Our first instinct is rarely to remain present. Something in us rushes to rescue, soothe, distract, or simply deny what is here. In my experience, it is often our resistance to grief, rather than grief itself, that creates a deeper suffering.

So often, parts of us step forward to protect us from what hurts. One fears we will be overwhelmed. Another believes nothing can help. One braces against the return of old ways of surviving. Another carries unbearable rage. Some keep us functioning because they fear everything will collapse if they stop.

Each is trying, in its own way, to protect us from what it believes we cannot survive. There are moments when their efforts are exactly what is needed. At other times, they lead us away from the simple, often difficult, act of remaining present. Not because they are wrong, but because, to these younger parts of us, pain itself can feel unbearable. And yet, even the part convinced it cannot bear what hurts has, somehow, been bearing it all along.
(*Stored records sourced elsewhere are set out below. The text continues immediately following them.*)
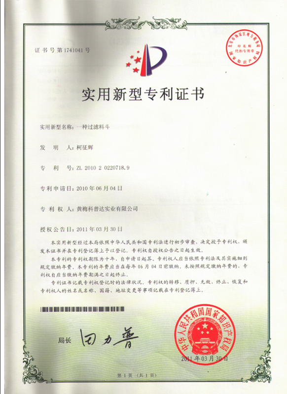 科普達(dá)以人為本,塑造品牌,創(chuàng)新發(fā)展,榮獲全省國(guó)稅百佳納稅人、中國(guó)循環(huán)經(jīng)濟(jì)科學(xué)技術(shù)三等獎(jiǎng)、湖北省著名商標(biāo)、中國(guó)馳名商標(biāo)等多項(xiàng)榮譽(yù)。公司已獲9件專利授權(quán),擁有多項(xiàng)自主知識(shí)產(chǎn)權(quán)。
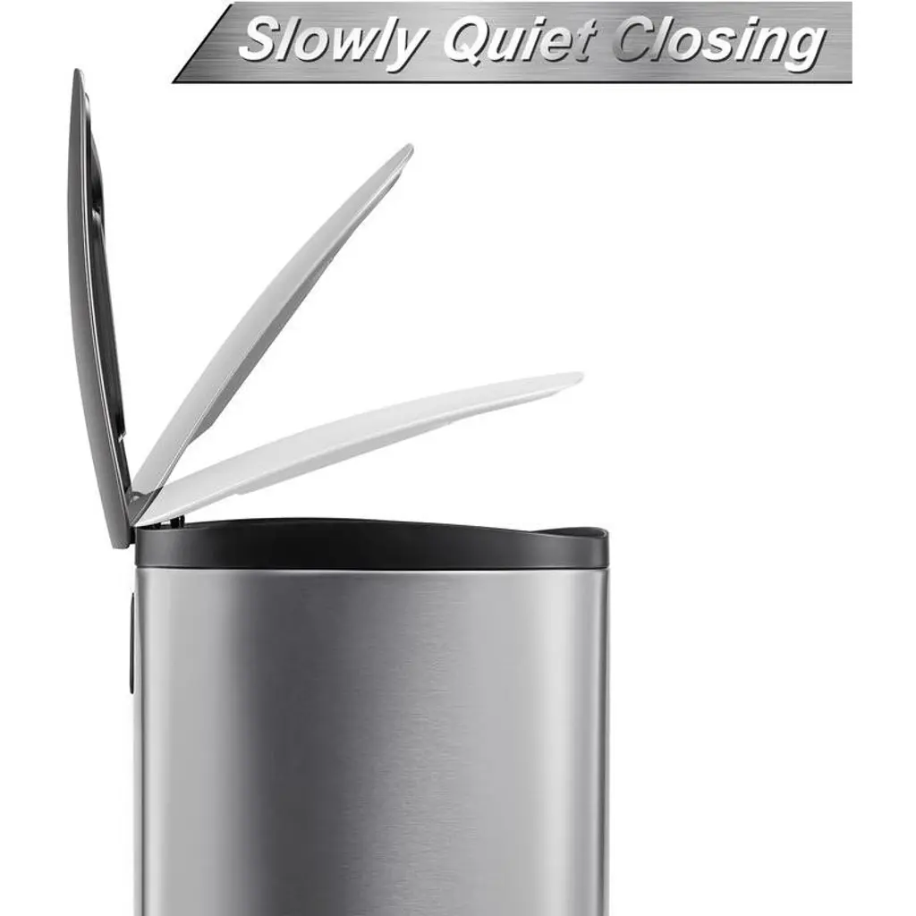 Sturdy & Practical: Our kitchen trash cans are crafted from high-quality stainless steel with a brushed finish, providing a waterproof and rust-resistant surface that also helps prevent fingerprints. The lid is designed for easy operation with a foot pedal, allowing you to open it at various angles based on the pressure applied, making it both convenient and practical for daily disposal needs. Wide Application: Our automatic trash can is designed to seamlessly integrate into nearly any environment. Whether it's positioned in the kitchen, bedroom, bathroom, office, or study, this trash can provides an effective and aesthetically pleasing solution for waste disposal.
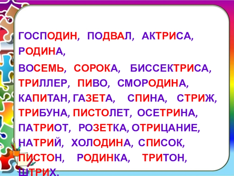 БИССЕКТРИСА, ТРИЛЛЕР, ПИВО, СМОРОДИНА, КАПИТАН, ГАЗЕТА, СПИНА, СТРИЖ, ТРИБУНА, ПИСТОЛЕТ, ОСЕТРИНА, ПАТРИОТ, РОЗЕТКА, ОТРИЦАНИЕ, НАТРИЙ, ХОЛОДИНА, СПИСОК, ПИСТОН, РОДИНКА, ТРИТОН, ШТРИХ.
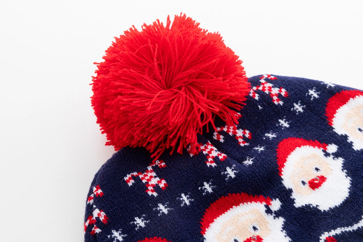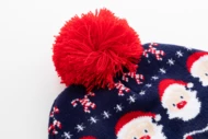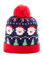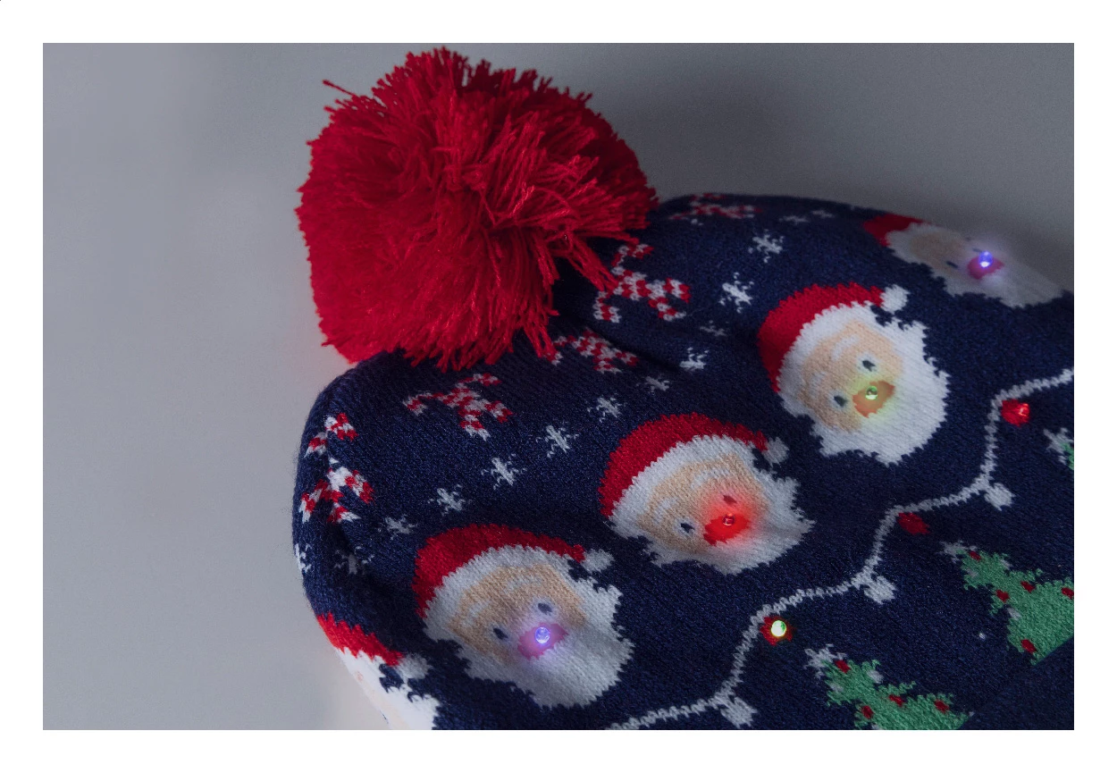 Dzianinowa czapka świąteczna z akrylu z 6 diodami LED (3 tryby świecenia), mankietem i pomponem. Zasilana baterią guzikową.
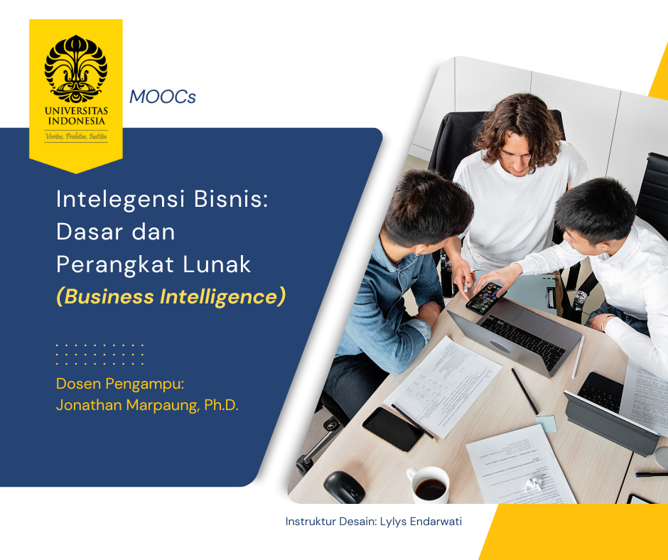 Selamat datang di mata kuliah Intelegensi Bisnis: Dasar dan Perangkat Lunak dan selamat bergabung dengan pembelajar lainnya. Mata kuliah ini akan mempelajari tentang bidang yang berfokus pada penggunaan data dan teknologi untuk membantu organisasi dalam mengambil keputusan yang lebih baik. Setelah mempelajari MK ini, diharapkan Anda mampu untuk meningkatkan kemampuan analisis data atau bagi yang tertarik mengembangkan karier di bidang analisis bisnis dan teknologi informasi.
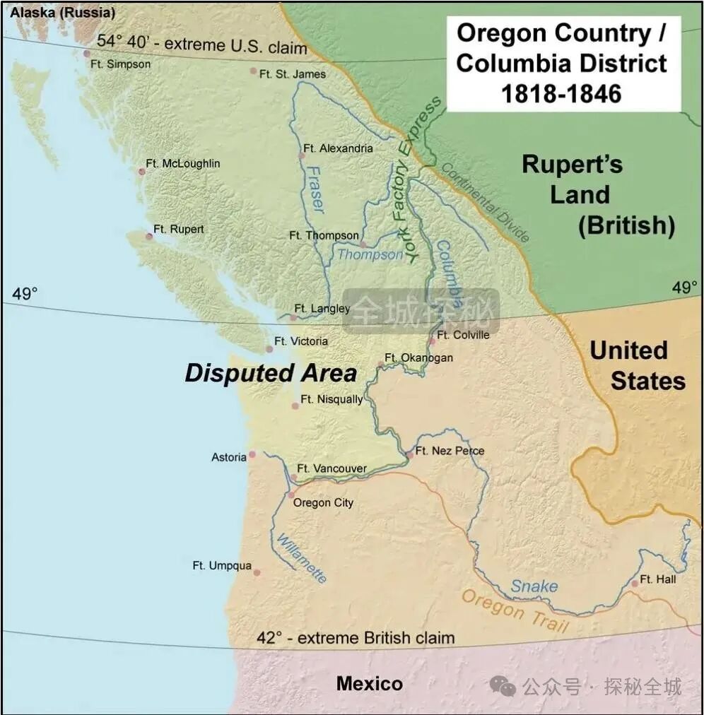 即使《拉什-巴戈特协定》规定俄勒冈地区由英美共管,彼时的西班牙和俄罗斯也没有承认,一直到1819年和1824年,两国先后退出,英国和美国才彻底获得这片区域的控制权。
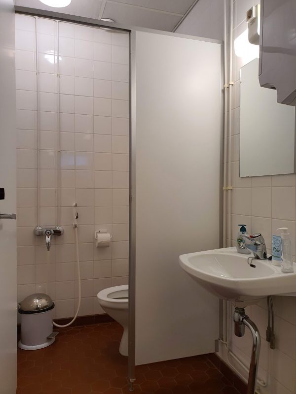Tilassa koneellinen ilmanvaihto ja jäähdytys. Avotilan lisäksi, keittiösyvennys, wc-tila, suihku ja siivouskomero.
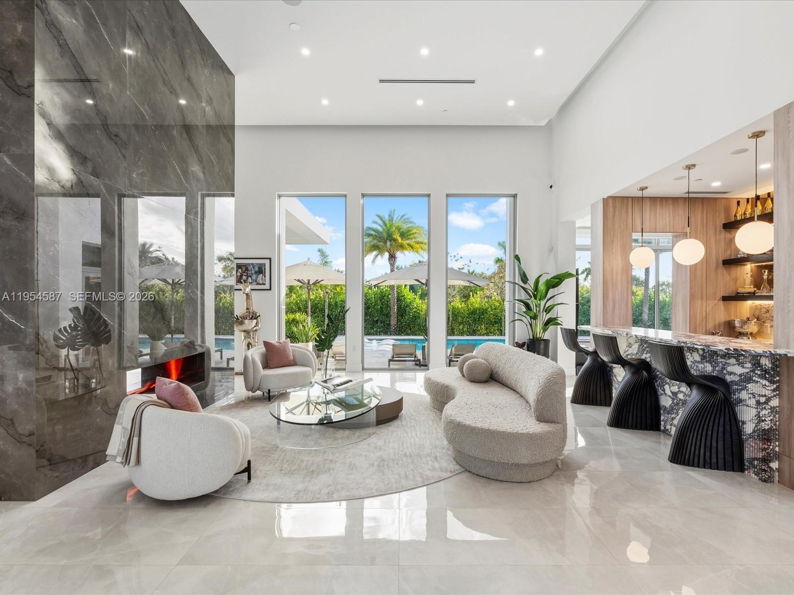 Soaring ceilings, walls of glass, and curated materials define the open living spaces, creating seamless flow between living, dining, and entertaining areas. A statement kitchen, architectural wine wall, and designer bar anchor the home. The primary suite offers a serene retreat with spa-level finishes and generous walk-in closets, while four additional bedrooms are thoughtfully positioned on the opposite wing for privacy. Expansive sliding glass doors fully open to the outdoors, where resort-style living unfolds with a pool and oversized spa, covered terraces, a fireplace, and lush landscaping designed for privacy and relaxation.
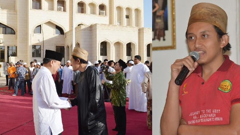 2016年8月28日上午十點鐘,他背負著行囊從爪哇島中部的北加浪岸出發了。 背包裡有一部《古蘭經》、幾件換洗衣服、簡易帳篷、手電筒、睡袋、衛星定位器和一部智慧手機,另外還有數百美元外幣。 他經常穿的綠色體恤衫胸前印有兩行英文字:“邁步去麥加;托靠真主”。 臨出發前,遠近親友前來送別,多數人對他此行成功信心不足,尤其他哥哥無不擔憂地說:“現在改變主意還來得及。” 他對大家的擔心和勸說充耳不聞,連連回答:“一切全托靠在真主上。” 他父親收到當地宗教局打來的電話,要他到辦事處簽署一些檔, 表明對他兒子的行動有家長同意和支持。
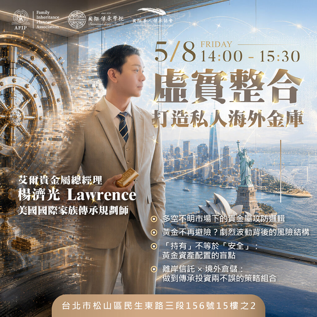 實體活動|5/8台北場|虛實整合_打造私人海外金庫 Posted on 2026 年 4 月 27 日2026 年 4 月 27 日 by icia-tw 27 4 月⎯ 講座大綱 ⎯多空不明市場下的貴金屬攻防邏輯黃金不再避險?劇烈波動背後的風險結構「持有」不等於安全;黃金資產配置的盲點離岸信託 x 境外倉儲:做到傳承投資兩不誤的策略組合⎯ 講座資訊 ⎯【日期】5/8(五)【時間】14:00-15:30(13:30開放入場)【地點】台北市松山區民生東路三段156號15樓之2 您的中文姓名 E-mail 聯絡電話 服務單位/職銜 提交 icia-tw |4/22台北場|4/29台中場|當全球局勢動盪過去可行的標的是否還可在佈局?
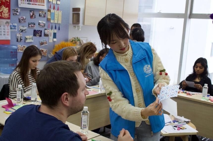 图为实践队员正在向新环球汉语学员演示汉服折纸步骤。中国青年网通讯员 王书阳 供图
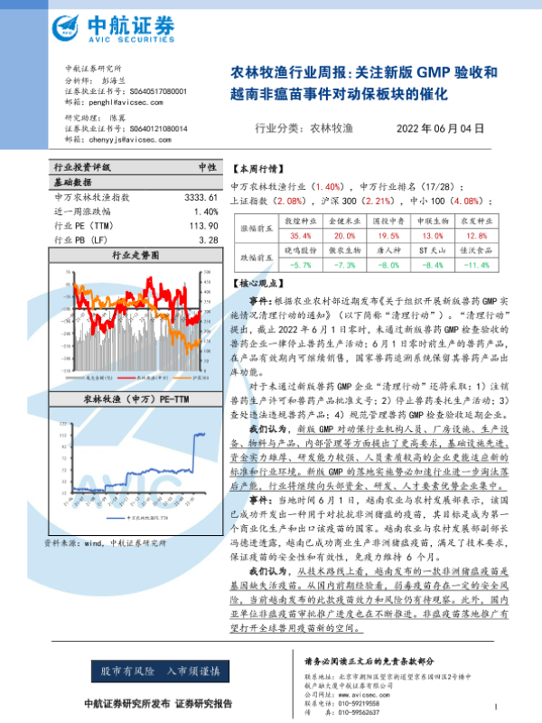 【中航证券】【20220604】农林牧渔行业周报:关注新版GMP验收和越南非瘟苗事件对动保板块的催化-12页 行业研究
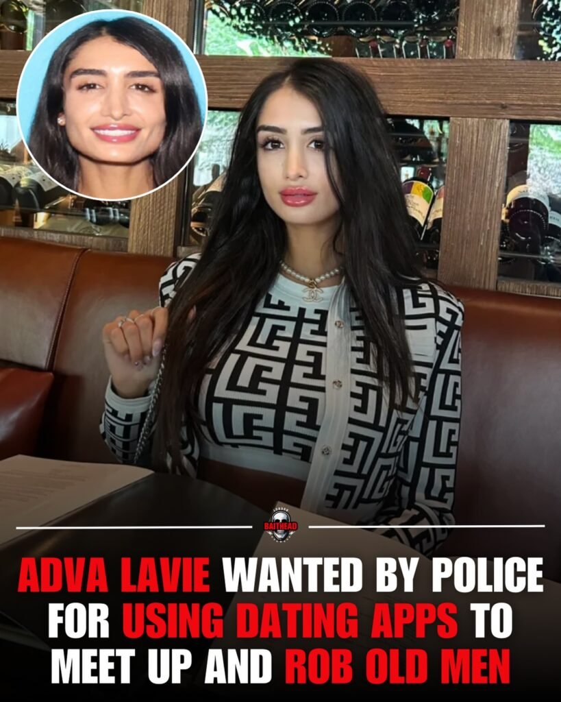 The image presents a striking contrast: a glamorous portrait of a well-dressed young woman seated confidently in an upscale restaurant, paired with bold, alarming text that reads, “ADVA LAVIE WANTED BY POLICE FOR USING DATING APPS TO MEET UP AND ROB OLD MEN.” The combination is designed to shock, provoke curiosity, and spread rapidly across social media feeds.
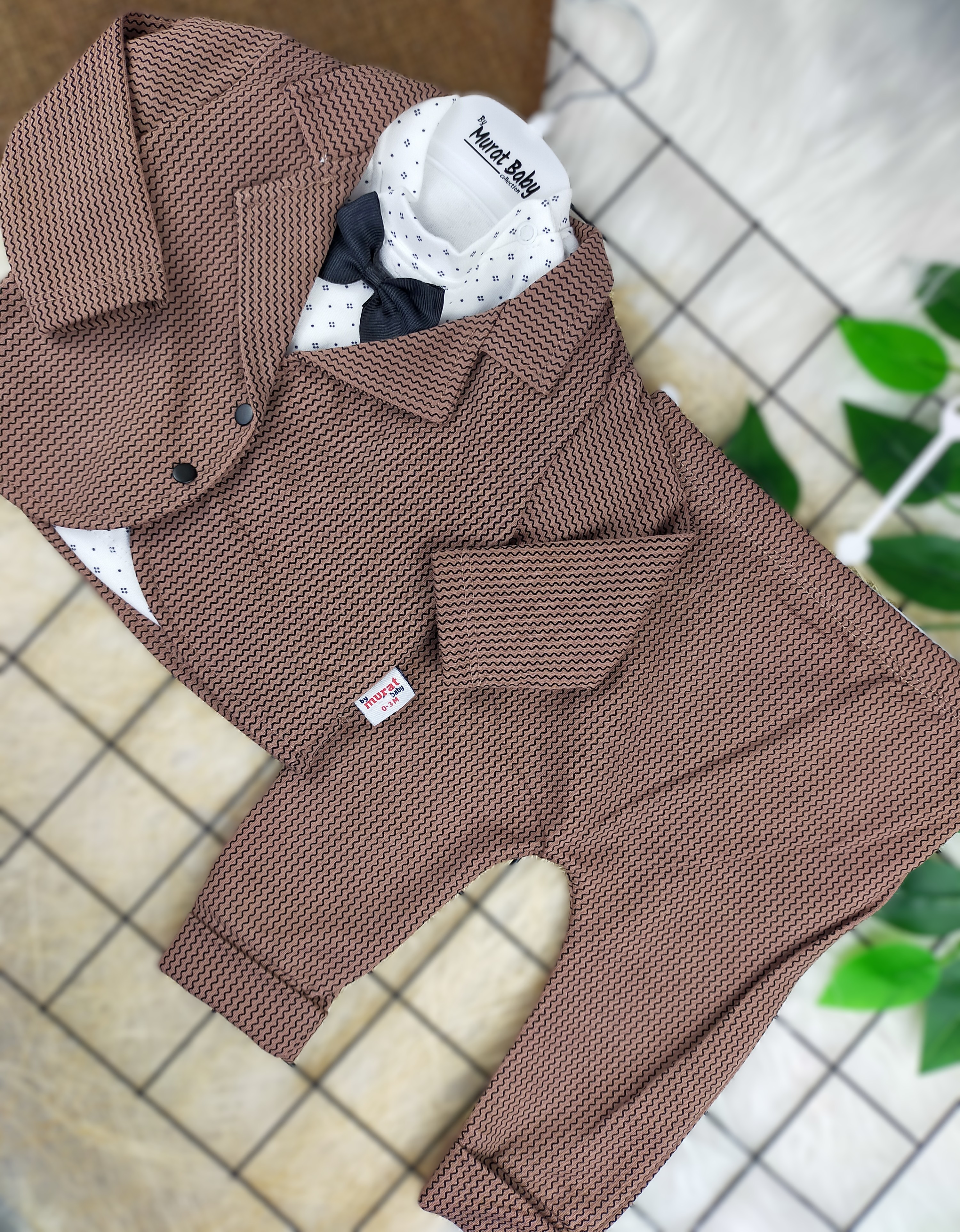 Bebekler için tasarlanan bu takım, sevimli ve şık detaylarıyla dikkat çeker. Papyon detayı, takımın şıklığını artırırken, tamamen yumuşak ve esnek oluşu sayesinde bebeğinizin rahat hareket etmesine olanak tanır. Gömlek ve pantolon detayları, bebeğinizin özel günlerde bile konfor içinde olmasını sağlayacak şekilde düşünülmüştür.

Beneath all our fear and all our efforts to protect ourselves, there remains an unwavering presence that can welcome all our grief and fears. A place where no feeling is too much. A place from which the essential nature of grief can begin to reveal itself.

It is from this place that we begin to meet life differently.

Not away from our protectors, nor straight into grief, but swaying between the two.

The protectors rise.

We attune.

They begin to soften.

We find ourselves in the company of grief.

This is the rhythm of healing.

Again and again we make this journey, learning where our presence is needed and where our efforts are simply protecting us from feeling. We keep moving between our protective parts and grief. Until, little by little, through calm, courage, curiosity, creativity, clarity and compassion, we learn how to meet what is here.

Not by forcing our protectors, but by allowing them to discover that there is something within us capable of staying present with everything they fear. This is how trust is slowly built. They no longer have to carry what once felt impossible alone. And in that trust, they begin to soften, making space for a deeper wisdom to emerge, and with it, the next right step.

This is a process that moves in its own timeline and cannot be hurried.

The path to this place is not found all at once, but slowly…

Through small experiments of trust.

Through the steady companionship of the living world.

Through the loving presence of another.

Through the wisdom of the body.

Through the breath that gradually finds a little more room.

Through dreams.

Through silence.

Through stories.

Through the meanings that emerge slowly.

Little by little, our own presence becomes somewhere we can rest.

Not because grief disappears, but because we come to discover that we are larger than we ever imagined.

To welcome grief, allowing it to be felt until a clearing emerges, is to enter into an intimacy with our vulnerability and the undercurrent of our lives. It is to trust that even grief belongs, and that somewhere beneath all our pain, there is already something within us spacious enough to be with it all.

Let the soft animal of your body love what it loves.